Introduction to Pandas
Clara Bennett & Tyler Jorgensen, Picwell
Class materials for PyLadies DC -- October 11, 2015
Viewing the materials
The class materials combine code and notes in IPython notebooks. You can view the tutorial notebook and the case study notebook right in GitHub. (They render IPython notebooks now! How cool is that??)
However, we chose to use IPython notebooks so that you can easily play with the code yourself and build your understanding of the Pandas library by seeing what happens when you change things. Therefore, we highly recommend that download this git repository and run the notebooks yourself locally.
Running the materials locally
Download the git repository
If you are familiar with git, go ahead and clone this repository. If not, you can click the "Download Zip" button to get a zipped folder with all of the files downloaded to your local machine. Unzip the folder and put it somewhere that you can easily access via the command line.
The required libraries to run the
pandas_tutorial.ipynb notebook are found in
requirements.txt. The additional libraries required to run
pandas_case_study.ipynb are found in
optionals.txt.
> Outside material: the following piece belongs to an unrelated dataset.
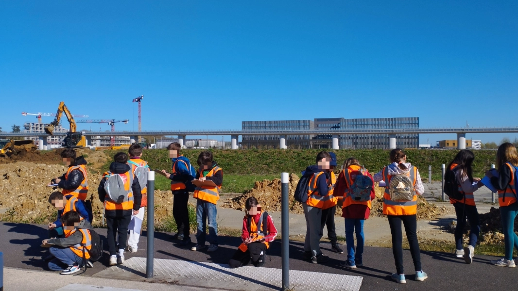 À l’approche de la mise en service de la ligne 18 du Grand Paris Express, la Société des Grands Projets et les CAUE Île-de-France se sont associés pour déployer un programme d’actions pédagogiques à destination des écoles des futurs quartiers de gare de la ligne. En 2026, les enfants de classes de CM1 et CM2, de 5 écoles issues de 5 villes (Gif-sur-Yvette, Massy, Orsay, Palaiseau, Saclay) traversées par la ligne participent aux ateliers pédagogiques menés par le CAUE de l’Essonne. Ensemble, ils découvrent puis racontent les transformations de leurs quartiers et les perspectives qu’offre la mise en service de cette nouvelle ligne de métro.

To install the requirements with pip, simply change to the
intro_pandas directory and run
pip install -r requirements.txt
You may need to use
sudo if you're going to install the requirements to your system, rather than in a virtualenv.
Alternatively, you can install all of the requirements and basically anything else that you would need to work with data in Python by installing the Anaconda distribution. It comes bundled with all the pydata things.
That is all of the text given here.